[[ Dataset records open ]]

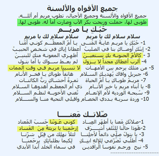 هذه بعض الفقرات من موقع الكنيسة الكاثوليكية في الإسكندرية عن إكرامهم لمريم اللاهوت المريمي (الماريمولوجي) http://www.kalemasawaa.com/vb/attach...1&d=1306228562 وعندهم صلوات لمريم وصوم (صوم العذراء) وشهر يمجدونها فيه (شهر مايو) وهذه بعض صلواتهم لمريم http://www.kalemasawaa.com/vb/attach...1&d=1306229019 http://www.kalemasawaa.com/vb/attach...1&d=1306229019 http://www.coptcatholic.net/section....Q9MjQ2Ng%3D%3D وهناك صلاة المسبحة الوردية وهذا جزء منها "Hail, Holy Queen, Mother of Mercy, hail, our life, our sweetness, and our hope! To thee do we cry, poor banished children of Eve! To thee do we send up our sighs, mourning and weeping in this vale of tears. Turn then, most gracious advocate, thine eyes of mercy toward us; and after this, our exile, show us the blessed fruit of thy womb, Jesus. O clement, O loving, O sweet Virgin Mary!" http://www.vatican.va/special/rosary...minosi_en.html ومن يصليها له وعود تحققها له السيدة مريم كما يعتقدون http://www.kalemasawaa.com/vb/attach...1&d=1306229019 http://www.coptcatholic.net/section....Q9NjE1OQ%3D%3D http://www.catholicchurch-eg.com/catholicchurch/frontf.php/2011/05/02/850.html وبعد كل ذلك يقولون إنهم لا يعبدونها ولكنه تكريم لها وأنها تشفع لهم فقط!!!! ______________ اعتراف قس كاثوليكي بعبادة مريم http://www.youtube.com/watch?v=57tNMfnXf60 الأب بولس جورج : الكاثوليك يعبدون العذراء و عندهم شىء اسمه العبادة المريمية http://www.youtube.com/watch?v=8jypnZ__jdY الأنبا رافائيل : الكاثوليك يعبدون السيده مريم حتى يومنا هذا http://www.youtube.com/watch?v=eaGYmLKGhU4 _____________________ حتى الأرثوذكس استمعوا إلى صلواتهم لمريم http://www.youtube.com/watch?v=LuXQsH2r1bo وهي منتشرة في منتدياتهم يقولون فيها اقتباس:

[[ Dataset records closed ]]
[[ Dataset records open ]]

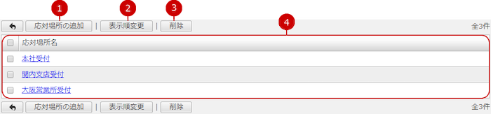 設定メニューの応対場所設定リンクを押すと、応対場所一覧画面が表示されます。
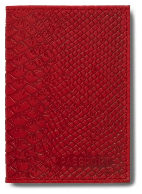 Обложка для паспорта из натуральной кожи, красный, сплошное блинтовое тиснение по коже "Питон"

[[ Dataset records closed ]]

# What is being asked:
Above is the material; set down exactly its lines from the one containing "設定メニューの応対場所設定リンクを押すと、応対場所一覧画面が表示されます。" down to the one containing "Обложка для паспорта", both included, leaving out any pictures.

# Output for this exercise:
 設定メニューの応対場所設定リンクを押すと、応対場所一覧画面が表示されます。
 Обложка для паспорта из натуральной кожи, красный, сплошное блинтовое тиснение по коже "Питон"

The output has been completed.